The 7 Key Pillars Of CX Maturity

The 7 Key Pillars Of CX Maturity

Customers typically make purchasing decisions based on the prior experiences they have had with a brand, product, or service. While it may take a few good customer experiences (CX) to build trust with a brand, just one bad experience can leave a big dent in the relationship.

Digitally mature companies have a leg up. During this time of COVID-19 and social distancing, people are moving to digital channels more than ever—and they have heightened expectations for a superior, connected, and consistent experience.

What does it take to become digitally mature and succeed in CX? Granted, most organizations understand the positive impact enhanced CX will bring to their top and bottom lines, influencing customer behavior and driving repeat business. But to provide a truly differentiating experience requires a hard, honest look at other factors, too.

Here are seven key pillars to gauge your organization’s CX maturity.

Leadership, People & Culture

People are the most valuable asset of any organization, and happy employees lead to happy customers. It falls on executive leadership to foster a culture of collaboration among their teams, filled with digital-first employees who are well-versed in the latest technologies, such as artificial intelligence/machine learning, chatbots, cloud, and hyperpersonalization, to name a few.
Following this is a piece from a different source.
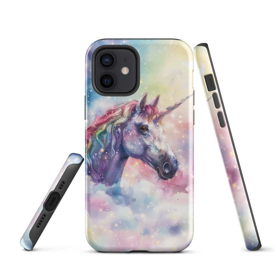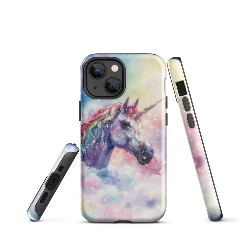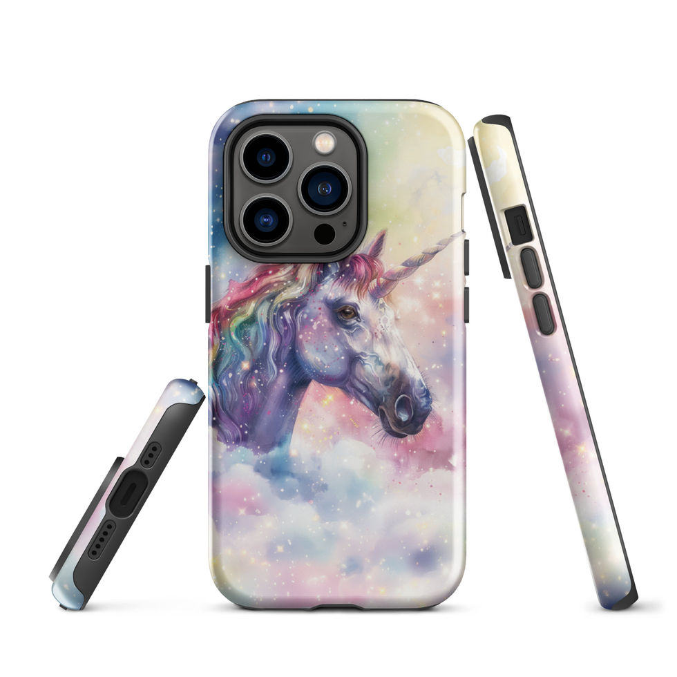 Step into a world of wonder with the Celestial Dreamscape Tough Case for iPhone®! Featuring a breathtaking unicorn emerging from a mist of cosmic clouds, this case blends fantasy and elegance effortlessly. The pastel hues and twinkling stardust create a magical aura, making your phone shine with celestial charm. 🌈🌠

Among the ways leaders can build and operationalize a customer-centric culture is to share its positive impact on company performance and business growth.

Right Content Strategy

Content, we know, is king. That, of course, means having a content strategy in place to deliver a consistent, coherent CX across channels. Such a strategy should factor who the content is targeting, which channels the content will publish on, and the different formats content could take. In addition, defined content life cycle processes that ensure the right content is being used in the right channel, and can be leveraged across different teams, will go a long way. Teams should collectively work to create a content strategy and content to ensure optimization of effort and cost.

Human-Centered Design

User experience (UX) is a subset of CX: Whereas UX is about a customer’s interaction with a product/service, CX is at the deeper relationship level. Both are crucial. Organizations can help improve the human experience they offer with a well-defined UX design process, factoring in business needs and user research–consumers’ likes and dislikes and how they think and behave—that help them define user personas and user journeys. This will help drive decisions that take customers’ views into account, leading to better CX.

Data & Intelligence

Data is one of the key pieces of the CX puzzle. The proliferation of channels and devices, including the Internet of Things, has brought with it a flood of data. It’s crucial to be able to identify what data is most relevant—which will differ from one company to another—and in as close to real time as possible to keep pace with shifts brought on by the current pandemic. Tools that capture and store data, with the ability to stitch it all together for a comprehensive view of customers, provide these insights. That way, organizations can understand every aspect of customers’ behaviors, preferences, and what triggers their actions–what they buy, their preferred channels to purchase, their capacity to spend, etc.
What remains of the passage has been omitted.